### GIVEN DATA
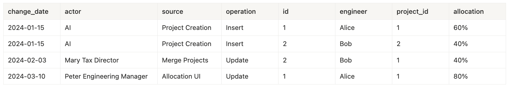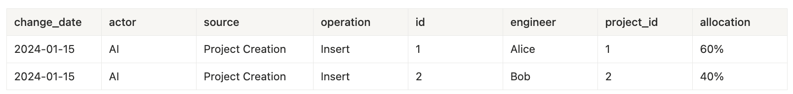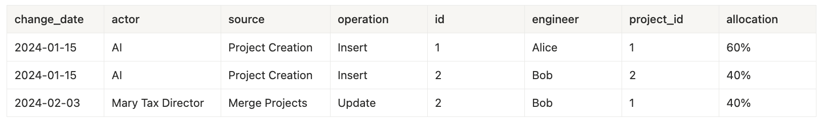 The best way to understand what an Audit Log actually does is to look at a real example. So, let’s suppose we have two tables: one that tracks engineering projects, and a second that tracks how an engineer’s time is allocated.
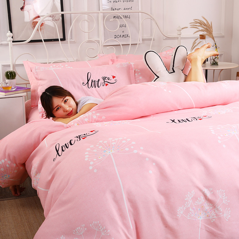 鑫缘2025直播爆款印花植物羊绒加厚磨毛四件套1.2米学生三件套 真爱永恒,真爱永恒
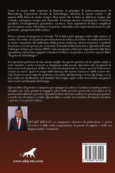 Come la teoria della relatività di Einstein, il principio di indeterminazione di Heisenberg, l'equazione d'onda di Schrödinger affascina le menti curiose e gli amanti della fisica da molto tempo. Man mano che la fisica si addentra sempre più a fondo, emergono sempre più domande. L'energia oscura, l'antimateria, l'universo parallelo, l'entanglement quantistico, eccetera, sono argomenti di fisica complicati per il comune uomo. Ma la fisica e la poesia, entrambe sono espressioni interiori e più profonde, spiegazioni della natura. Fisica e poesia si integrano a vicenda. Né la fisica può spiegare tutto sulla natura, la verità e la realtà, né la poesia può descrivere la natura, la verità e la realtà attraverso le nostre emozioni. Sin dall'inizio della poesia moderna, alcuni scienziati e studenti di scienze scrivono poesie per arricchire il mondo della letteratura. Quando il Premio Nobel per la fisica per l'anno 2022 è stato assegnato a fisici per esperimenti sulla fisica quantistica, mi ha incoraggiato a fondere la fisica e la poesia e a scrivere questo libro "Il gatto di Schrödinger". La repentina partenza di mia amata moglie da questo pianeta mi ha spinto anche a vette emotive e mi ha costretto a rifugiarmi nella poesia. Speriamo che un giorno la fisica troverà l'equazione di Dio e la verità fondamentale su come e perché l'universo è venuto in essere, qual è lo scopo dell'esistenza del nostro universo e delle nostre vite. Che l'universo provenga da qualcosa o da nulla, dal big bang o senza big bang, e se la sua realtà sia un'illusione nel dominio del tempo, ogni verità verrà fuori, ma potrei non essere nel dominio del tempo. Questo libro di poesie è composto per spiegare la natura e la fisica in modo poetico e semplice per tutti, poiché la maggior parte delle persone pensa che né la fisica né la poesia siano alla loro portata. Quando la fisica diventa confusa, la poesia può parlare a modo suo di natura e realtà. Questo libro è anche un tentativo di fusione tra fisica e poesia o tra poesia e fisica.

### EXERCISE AIM
From the first line above to the line containing "鑫缘2025直播爆款印花植物", repeat each line exactly. Pictures stay out.

### RESULT BELOW
 The best way to understand what an Audit Log actually does is to look at a real example. So, let’s suppose we have two tables: one that tracks engineering projects, and a second that tracks how an engineer’s time is allocated.
 鑫缘2025直播爆款印花植物羊绒加厚磨毛四件套1.2米学生三件套 真爱永恒,真爱永恒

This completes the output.